== The data ==
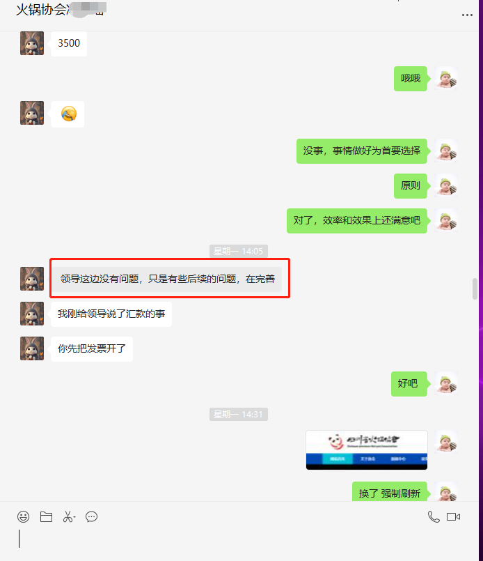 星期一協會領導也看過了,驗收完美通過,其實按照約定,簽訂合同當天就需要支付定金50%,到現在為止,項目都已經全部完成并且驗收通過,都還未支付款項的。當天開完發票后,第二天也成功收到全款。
===
== The data ==
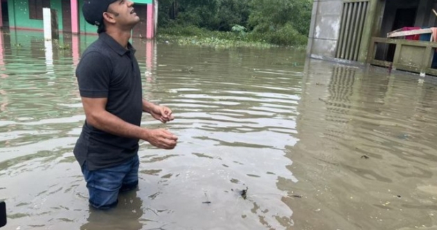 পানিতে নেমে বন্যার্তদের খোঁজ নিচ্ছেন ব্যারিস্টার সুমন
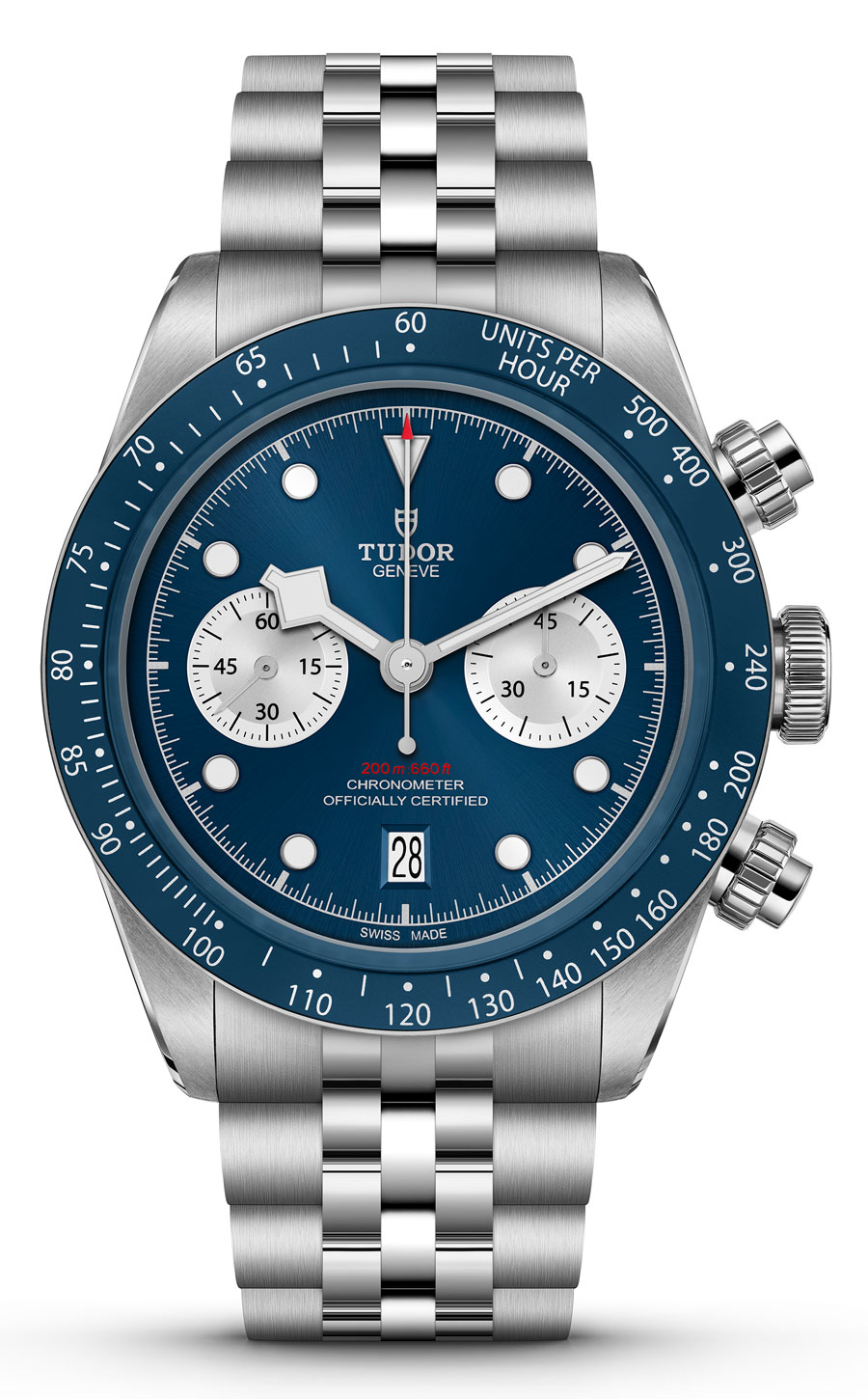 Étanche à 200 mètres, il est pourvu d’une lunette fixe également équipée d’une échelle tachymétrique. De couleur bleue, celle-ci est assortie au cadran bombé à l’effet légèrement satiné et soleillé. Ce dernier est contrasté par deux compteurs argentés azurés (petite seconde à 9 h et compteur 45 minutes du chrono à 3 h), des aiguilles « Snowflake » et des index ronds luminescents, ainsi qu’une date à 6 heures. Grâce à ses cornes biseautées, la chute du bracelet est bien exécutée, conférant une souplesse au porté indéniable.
===
● **Work item**: Above are some records. Output exactly the lines from the one that contains "পানিতে নেমে বন্যার্তদের" to the one that contains "Étanche à 200", keeping both, and omit the pictures.

● **Response area**:
 পানিতে নেমে বন্যার্তদের খোঁজ নিচ্ছেন ব্যারিস্টার সুমন
 Étanche à 200 mètres, il est pourvu d’une lunette fixe également équipée d’une échelle tachymétrique. De couleur bleue, celle-ci est assortie au cadran bombé à l’effet légèrement satiné et soleillé. Ce dernier est contrasté par deux compteurs argentés azurés (petite seconde à 9 h et compteur 45 minutes du chrono à 3 h), des aiguilles « Snowflake » et des index ronds luminescents, ainsi qu’une date à 6 heures. Grâce à ses cornes biseautées, la chute du bracelet est bien exécutée, conférant une souplesse au porté indéniable.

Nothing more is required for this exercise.